Anish Kapoor, Lisson Gallery, London

2.00

 

Is there something new from Kapoor amongst this multitude of new scuptural works spread across the various gallery spaces of two entire buildings? Not much. We can divide these work into the rough and the smooth.

The rough works, all violent, grey, earthquake-like ructions of one kind or another, are principally fashioned from pilings and heapings and bunchings and globbings of cement, worked by hand into explosions of orifice-like flowerets into which you can stare and stare if you so wish – oh, how Kapoor does love his voids!

Some adhere to the wall as if by some miracle of suspension; another, with a skin that looks positively elephantine, hangs in the air like a just-about-to-descend meteorite or a sculpture by the late Franz West; a third rises, leaning and lurching, from a crude, workaday plinth.

Their hand-wrenched, hand-wrested surfaces look like an aggressive riposte to the charge that Kapoor often seems to be too wedded to a kind of seamless smoothness. Are these snatchings from ancient geological landscapes? Are they riffs upon the idea of the honeycomb? A bit of one and the other.
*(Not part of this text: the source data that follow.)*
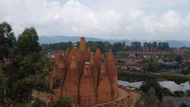 第二天带上我的无人机去打卡东风韵,景区人比较多。在周边转了一圈,这几个酒瓶子里面是可以喝咖啡休息一下的,每个酒瓶子的顶部是采光的,这个就是工艺学设计啦
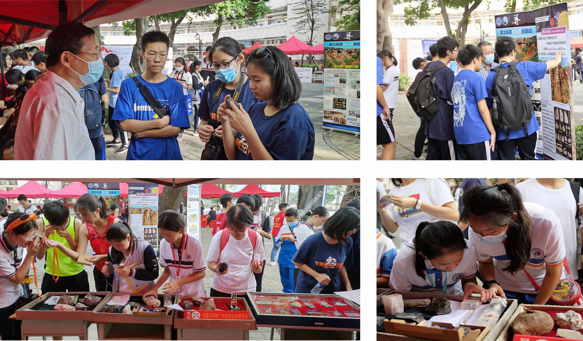 活動(dòng)現(xiàn)場(chǎng),流動(dòng)展館展出了生物演化的化石標(biāo)本、常見鐵、鉛、錳、銅等礦石、油氣烴源巖與油頁(yè)巖以及寶玉石原礦石等50余種地質(zhì)樣品;布置了黑龍江依蘭隕石坑、藍(lán)田上陳古人類遺址、廣州市花崗巖等地球科學(xué)科普知識(shí)展板,向師生介紹地球科學(xué)領(lǐng)域前沿知識(shí)。
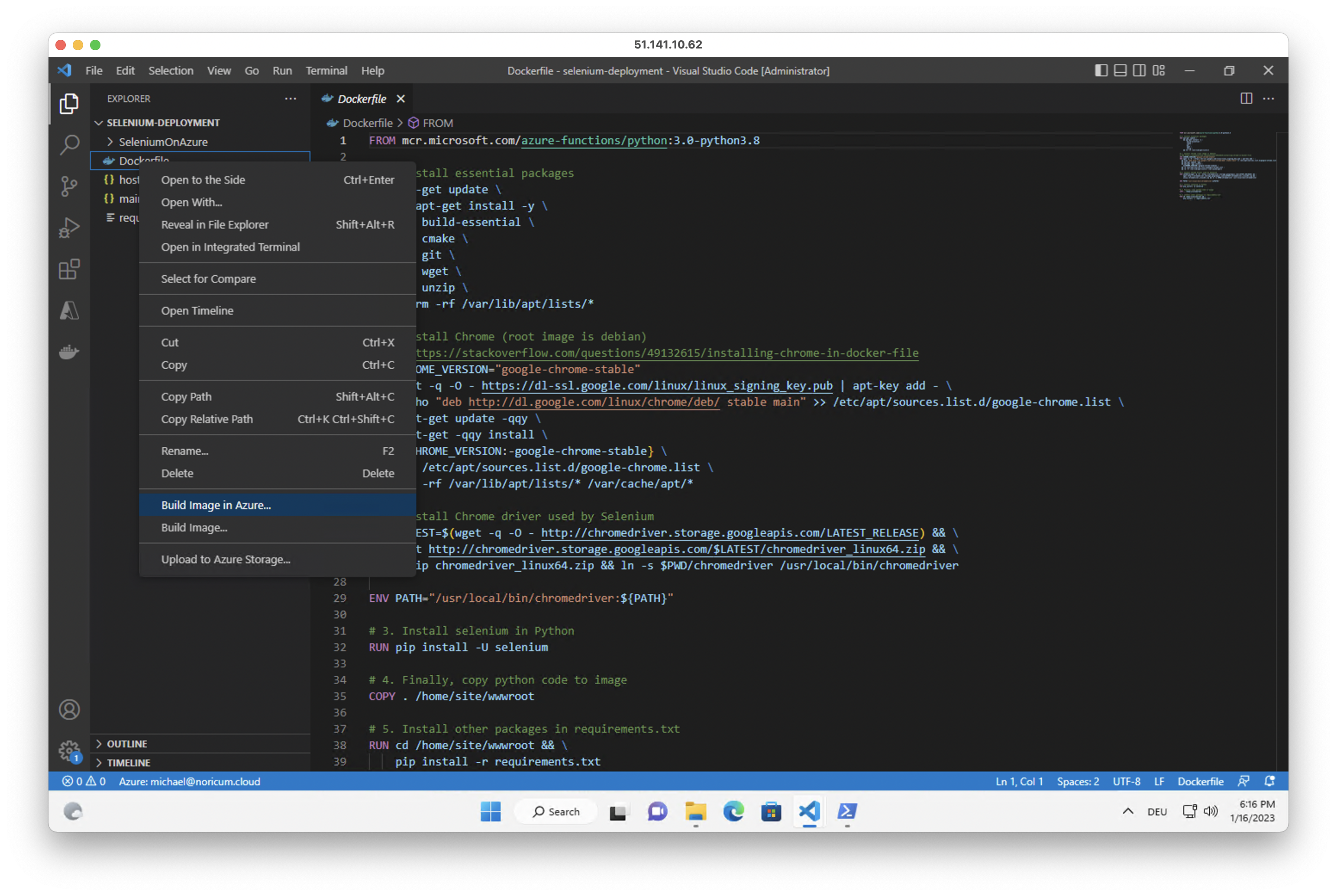 Deploy Selenium on Azure Functions

Elsewhere, a series of earth-coloured sculptures on table tops seem to mimic re-shapings of the surface of the earth, blown into heaps, shaped into dunes or rearing up into nodes. Earth is a component of all these works, and it is the shiftings and the perpetual re-fashionings of the earth's surface that this group of works is exploring.
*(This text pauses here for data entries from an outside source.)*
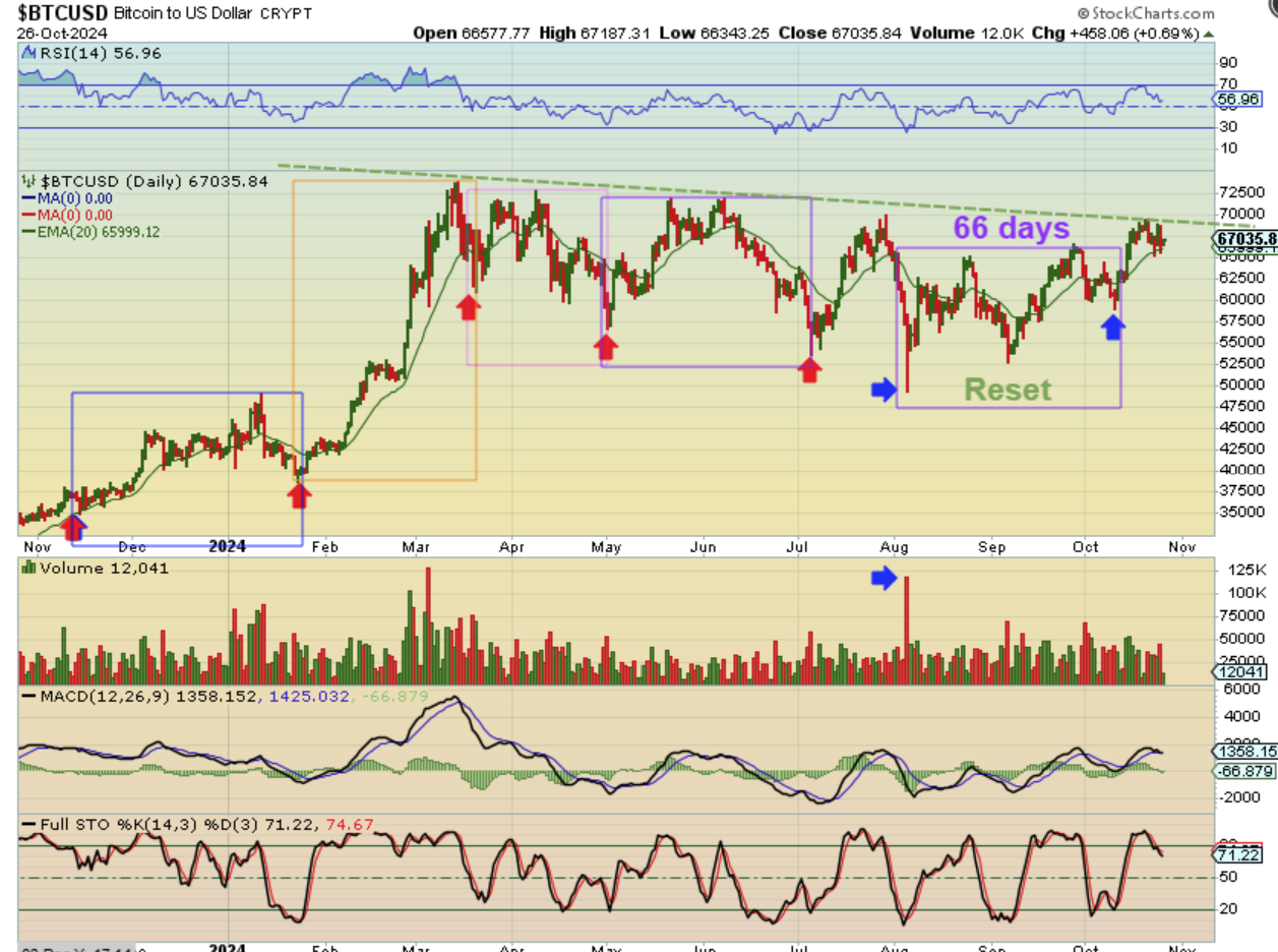 BITCOIN CYCLE COUNT: I am just reminding you of this, because if I did NOT call that capitulation low the ICL and kept it as a day 30ish half cycle low, THIS would be the count we’d be on. We would be coming due for a day 60 drop in a couple of weeks and we’d be on day 40 something.
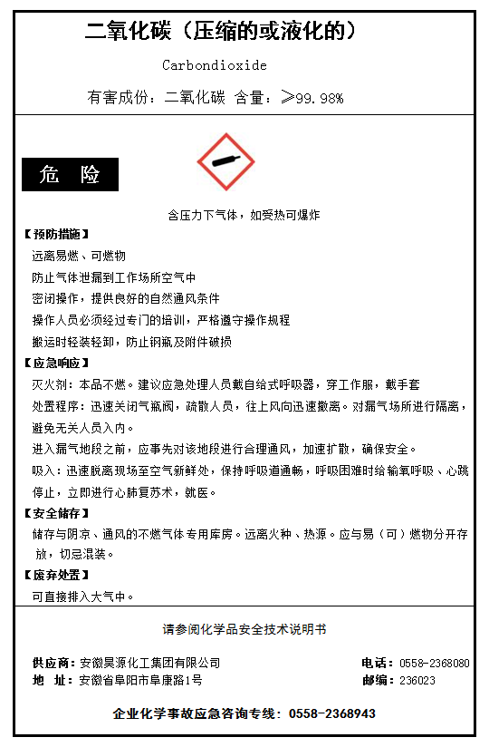 產品名稱:二氧化碳 版本:HY-SDS-2014
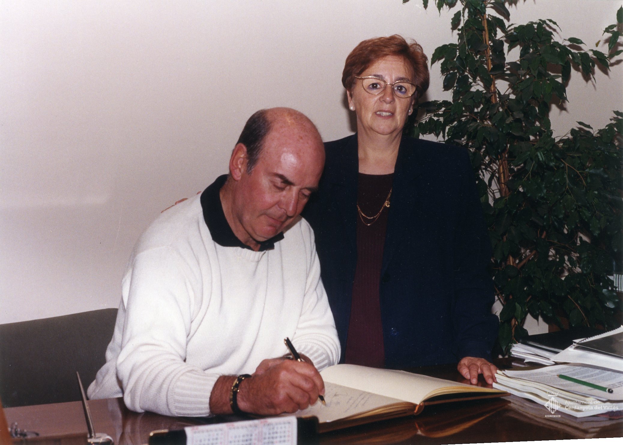 Visita oficial i acte de signatura del Llibre d'Honor de l'Ajuntament de Cerdanyola del Vallès de veterans del Futbol Club Barcelona de la mà de l'alcaldessa Cristina Real Masdeu el juny de 1999
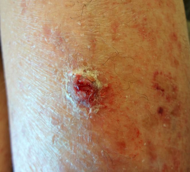 An 88-year-old woman sought care for a nodule on the anterior surface of her left foreleg that had developed gradually. An exophytic nodule with ulceration and some element of surface hyperkeratosis in a geriatric patient is almost always malignant. A biopsy in this case disclosed a deeply invasive diagnosis.
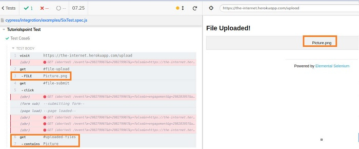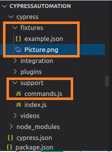 安裝完成後,我們必須在 command.js 檔案中新增語句 import 'cypress-fileupload' ,該檔案位於 Cypress 專案的 support 資料夾中。此外,我們還應在 fixtures 資料夾(Picture.png 檔案)中新增我們要上傳的檔案。
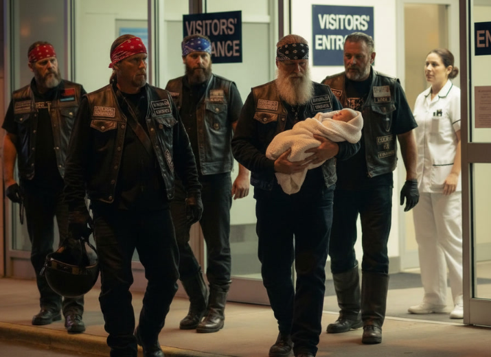I remained frozen in the hallway, trying to understand how her voice and her laughter could disappear from the world so suddenly. While my grief settled like a heavy fog, something unexpected caught my attention. Through the glass, I noticed six men in leather vests walking out of the maternity ward with her newborn son.
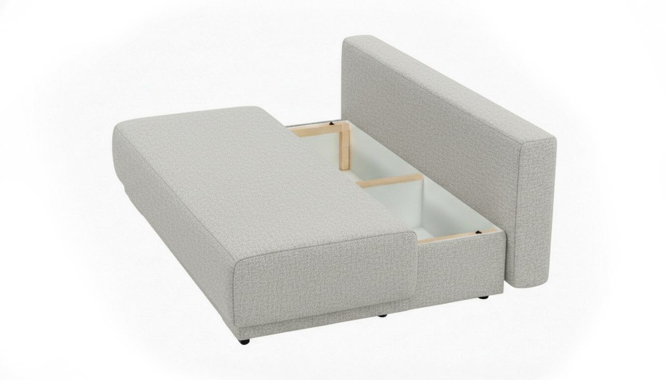 Наполнение — качественный безопасный пенополиуретан повышенной плотности и буковые латы. Для сна, в вашем распоряжении полноценная комфортная кровать, которая предоставит два спальныxместа, путем раскладывания с помощью механизма «Еврокнижка». Диван оборудован вместительным бельевым коробом.

Elsewhere, slightly different things are happening. In one room, his ever first ready-made is on view, a piece called 'Organ' which consists of a huge grey diesel engine, with the kind of components you might expect from a diesel engine: fuel tanks, pumps, etc. What is this all about?

Is it a portrait of man the machine, complete with beating heart and exo-skeleton? For all its size, the emotional resonance is tiny. And in another space, there is what you might describe as a room-size installation - a circle of light projected down onto the surface of a concrete floor accompanied by a juddery, low-toned anxiety-inducing note.

Flitting elsewhere again, an entire series of wall-suspended, concave fibreglass hemispheres or bowls – they seem to be afloat against the wall - all highly coloured aquamarine, purple, yellow etc., catches us back to Kapoor the smooth manipulator of surfaces which seem to be playing tricks on us even as we look at them – concave or convex? What form is he playing with this time? So many, all at once.